--- GIVEN ENTRIES ---
===============

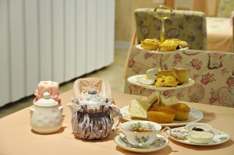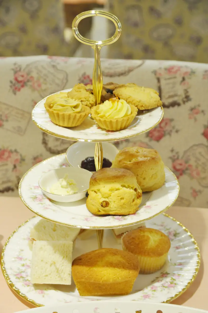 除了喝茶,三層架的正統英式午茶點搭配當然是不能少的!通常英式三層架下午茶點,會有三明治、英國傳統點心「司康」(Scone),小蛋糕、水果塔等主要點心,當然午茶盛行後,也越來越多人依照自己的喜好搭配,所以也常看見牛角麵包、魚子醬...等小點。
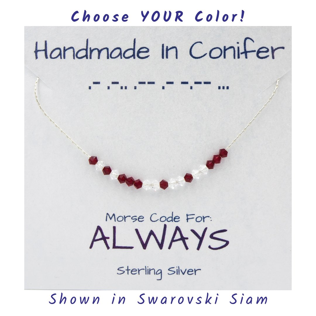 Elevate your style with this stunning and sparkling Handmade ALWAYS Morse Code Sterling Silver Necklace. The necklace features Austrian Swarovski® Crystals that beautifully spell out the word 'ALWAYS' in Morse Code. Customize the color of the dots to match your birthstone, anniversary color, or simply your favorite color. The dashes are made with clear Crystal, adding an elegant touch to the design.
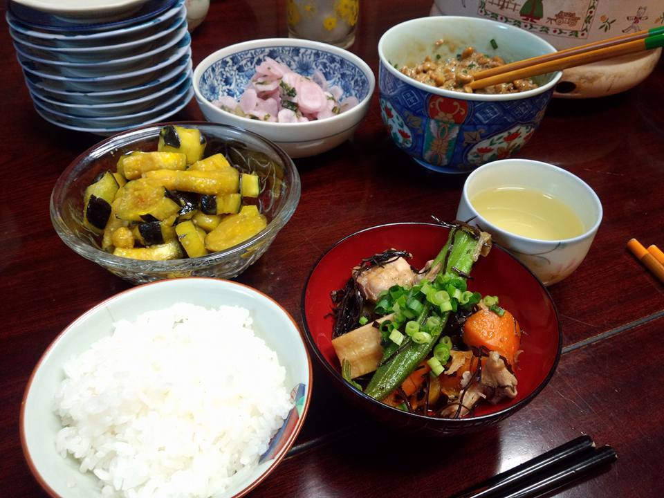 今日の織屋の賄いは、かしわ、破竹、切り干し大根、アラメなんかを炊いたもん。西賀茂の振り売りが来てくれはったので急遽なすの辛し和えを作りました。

===============

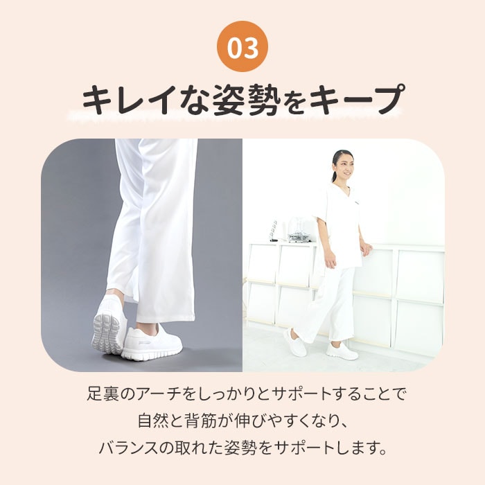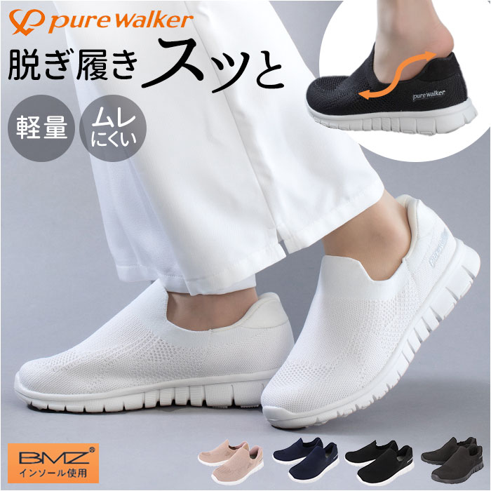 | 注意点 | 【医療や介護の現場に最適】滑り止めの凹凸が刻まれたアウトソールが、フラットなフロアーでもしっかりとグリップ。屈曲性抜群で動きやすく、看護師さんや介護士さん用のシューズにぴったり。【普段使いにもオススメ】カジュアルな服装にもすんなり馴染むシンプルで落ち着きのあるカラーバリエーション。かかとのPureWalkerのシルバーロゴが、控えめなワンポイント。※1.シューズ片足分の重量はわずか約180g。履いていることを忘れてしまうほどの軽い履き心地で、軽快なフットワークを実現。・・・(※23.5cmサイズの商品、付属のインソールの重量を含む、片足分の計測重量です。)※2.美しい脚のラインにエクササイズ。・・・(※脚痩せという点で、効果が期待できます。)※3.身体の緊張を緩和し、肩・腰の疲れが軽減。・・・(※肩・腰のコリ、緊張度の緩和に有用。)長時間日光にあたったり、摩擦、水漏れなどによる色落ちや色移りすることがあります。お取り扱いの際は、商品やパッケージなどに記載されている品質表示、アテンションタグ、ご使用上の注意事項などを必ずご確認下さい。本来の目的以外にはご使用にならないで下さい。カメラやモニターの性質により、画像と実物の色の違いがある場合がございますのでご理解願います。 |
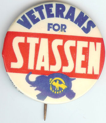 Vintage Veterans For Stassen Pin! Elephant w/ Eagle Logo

===============

--- WORK TO BE COMPLETED ---
In the entries above, find the line containing "Elevate your style" and the line containing "今日の織屋の賄いは、かしわ、", then copy both and every line between them exactly, without any picture.

--- SOLUTION BELOW ---
 Elevate your style with this stunning and sparkling Handmade ALWAYS Morse Code Sterling Silver Necklace. The necklace features Austrian Swarovski® Crystals that beautifully spell out the word 'ALWAYS' in Morse Code. Customize the color of the dots to match your birthstone, anniversary color, or simply your favorite color. The dashes are made with clear Crystal, adding an elegant touch to the design.
 今日の織屋の賄いは、かしわ、破竹、切り干し大根、アラメなんかを炊いたもん。西賀茂の振り売りが来てくれはったので急遽なすの辛し和えを作りました。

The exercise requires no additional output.